Back at home, warm and euphoric, I make a cake. The cake is called pouding chômeur – a classic Québécois dessert that literally translates as ‘pudding of the unemployed.’ The recipe, as the story goes, was created by female factory workers during the Great Depression, using ingredients most people had on hand – flour, baking powder, brown sugar, water, cream and butter. The brown sugar, water and cream are meant to mimic maple syrup, a luxury for some, now and then. Modern versions of the recipe call for maple syrup, but today I’m staying authentic.

But brown sugar doesn’t always cut it. It’s 1983 and I’m sitting on the church pew that serves as a bench along one side of our kitchen table. It’s Saturday morning and my mother is at the stove making pancakes, my favourite meal of the week. She scoops batter from a measuring cup and pours circles on the hot pan. A pile of cooked pancakes is forming on a cookie sheet in the warming oven. I have to wait until she’s finished then we can eat them all at once. It’s killing me. But oh no… now she’s heating brown sugar, water and butter in a small pan on the stove. She says she learned this trick from her Dad – a quick maple syrup when you don’t have the real stuff. My heart sinks. This homemade version is watery and makes pancakes soggy. I slump in the pew. 

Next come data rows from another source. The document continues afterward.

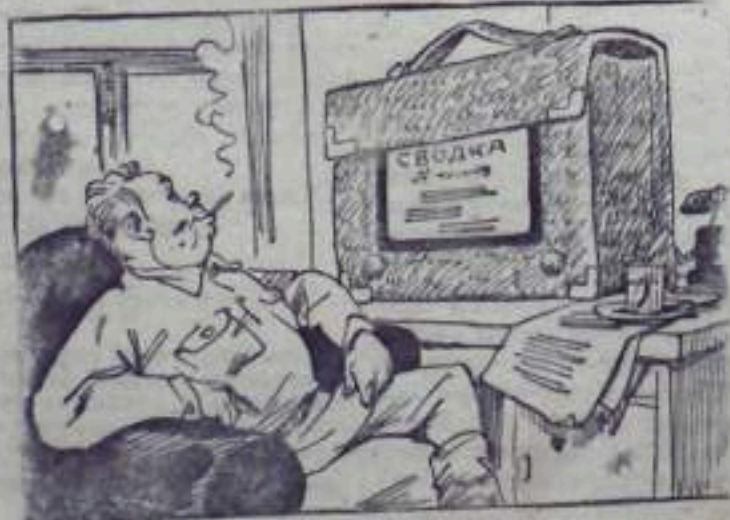
Гольштейн. Балласт мы исхаль зном, пути ремонтируем. Сведения в состоянии путевого хозяйства аккуратно писываем. Не войну только однок: почему каждый день аварии на путях?

Сведения посланы в трест, в Глазги. Но количество случаев схода паровозов и думпшаров с рельс не уменьшилось.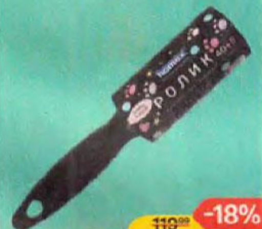
Ролик для одежды HOMEX , 45 листов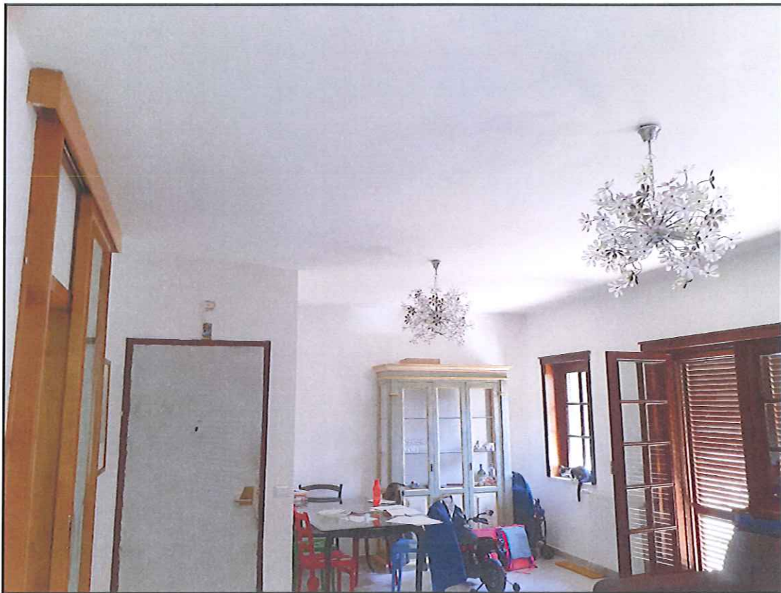
Foto 5. Ingresso e zona giorno dell'appartamento

As an act of solidarity I’m choosing the brown sugar version of this ‘pudding’. The lines between a global pandemic and a great depression are blurring; it seems like the right thing to do. I spoon the batter – essentially one large pancake – into a greased pan. Some versions of the recipe suggest pouring the sauce in first while others pour it overtop, drowning the batter in the sweet, creamy liquid. I’ve tried both ways and the end result is always the same – a crispy on the outside, soft in the middle cake with a sweet, saucy pudding below.

I scoop a spoonful of the pudding, the sauce still bubbling at the sides, and take a bite.  This is why it’s called a pudding. You need a spoon.

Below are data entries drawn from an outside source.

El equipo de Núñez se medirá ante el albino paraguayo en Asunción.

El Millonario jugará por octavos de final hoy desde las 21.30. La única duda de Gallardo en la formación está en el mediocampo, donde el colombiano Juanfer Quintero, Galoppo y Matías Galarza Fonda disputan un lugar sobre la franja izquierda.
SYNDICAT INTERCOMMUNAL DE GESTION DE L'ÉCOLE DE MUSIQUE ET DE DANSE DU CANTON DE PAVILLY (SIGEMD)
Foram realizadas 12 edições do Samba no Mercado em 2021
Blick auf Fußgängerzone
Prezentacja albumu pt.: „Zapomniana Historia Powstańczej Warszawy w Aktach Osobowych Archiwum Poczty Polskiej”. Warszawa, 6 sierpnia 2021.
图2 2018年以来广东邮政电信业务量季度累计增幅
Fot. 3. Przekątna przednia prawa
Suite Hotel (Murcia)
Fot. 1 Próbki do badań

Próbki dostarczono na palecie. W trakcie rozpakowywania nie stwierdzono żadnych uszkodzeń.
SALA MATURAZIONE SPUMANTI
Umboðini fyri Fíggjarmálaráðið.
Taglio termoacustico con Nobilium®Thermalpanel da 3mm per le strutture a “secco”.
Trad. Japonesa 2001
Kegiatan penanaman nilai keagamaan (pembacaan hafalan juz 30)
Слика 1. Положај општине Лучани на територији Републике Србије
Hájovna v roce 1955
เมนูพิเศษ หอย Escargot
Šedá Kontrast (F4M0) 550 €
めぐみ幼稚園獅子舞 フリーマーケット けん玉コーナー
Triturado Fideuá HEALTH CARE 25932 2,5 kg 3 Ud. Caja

This is the flavour of this place: sweet and warm, a bracing wind and craggy shores. We need it all to balance us, to balance the cake.

Pouding Chômeur – this version uses less ‘sauce’ than most- some recipes double the amount below. Both versions will work; it all depends on what balance you need.

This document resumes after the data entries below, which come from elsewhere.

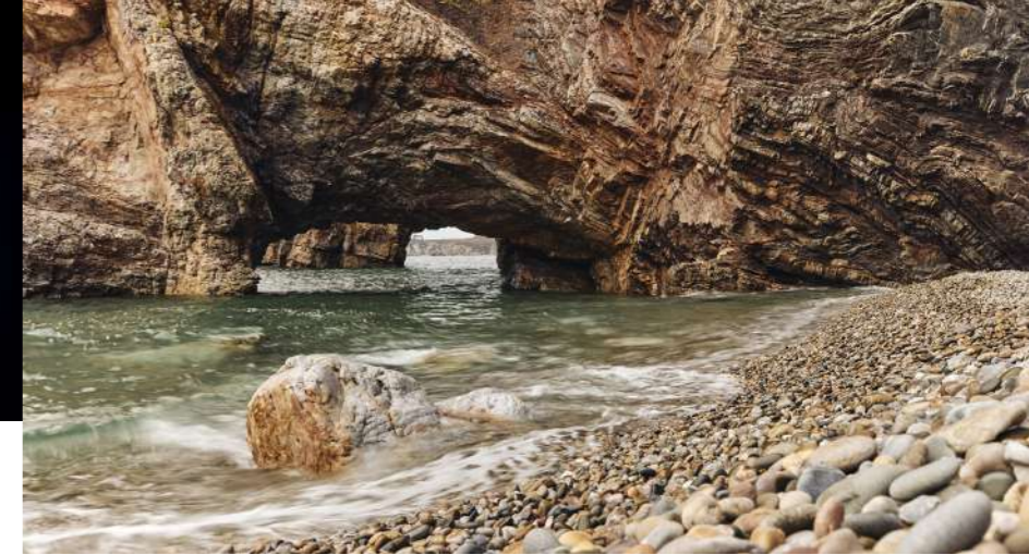
Géologie en presqu'île de Crozon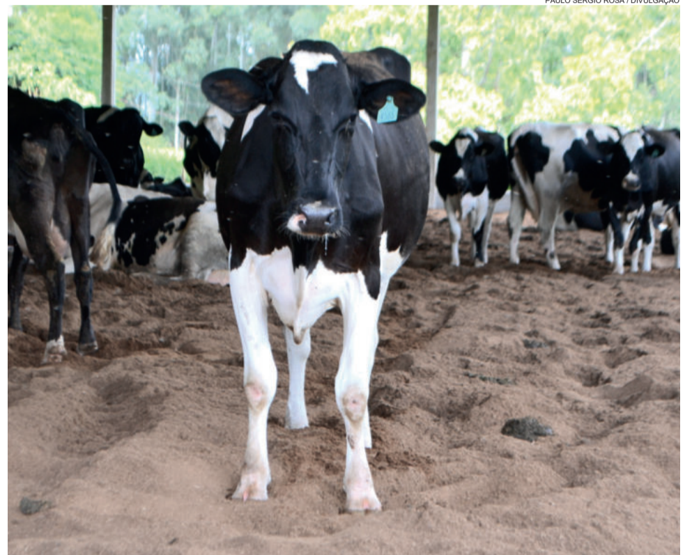
Setor primário de Teutônia é destaque no Vale

- Horas máquina: escavadeira hidráulica (128 solicitações, atendendo 39 propriedades, totalizando 178 horas), motoniveladora, retroescavadeira (172 solicitações, aten-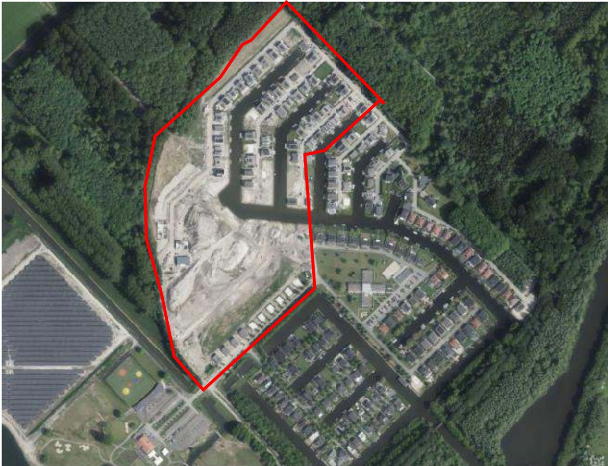
Afbeelding 2d: de situatie in het plangebied in 2023.

Preheat the oven to 400F / 200C and place a rack in the middle of the oven.

Grease a 9×9 inch / 23 x 23 cm high-sided baking pan – or any high-sided oven-proof dish you have that is close in size. I’ve used this oval number. It’s longer and the cake is thinner. Not ideal, but it works.

⅓ cup (75g) butter, at room temperature

½ cup (100g) white sugar

¼ cup (60ml) milk

1 egg

½ teaspoon vanilla

1 cup (150g) flour

½ teaspoon baking powder

¼ teaspoon salt

1 cup brown sugar

½ cup (125ml) water

½ cup (125ml) cream – 18-35% will do

Beat butter with sugar until combined. Add milk, egg and vanilla and continue to beat until smooth. Sift flour, baking powder and salt together and fold into the butter mixture just until combined – the mixture will be thick.

Meanwhile, whisk brown sugar with water and cream. Set aside.

Spoon batter into prepared pan. Gently pour sauce over batter – it may cover the batter completely, depending on the size of the pan. Place pan on a cookie sheet (to catch any drips) and slide into the preheated oven. Bake for 30 minutes, or until the top is crispy and a tester comes out moist but clean. Allow to cool on a wire rack for a few minutes, then enjoy, warm or cold.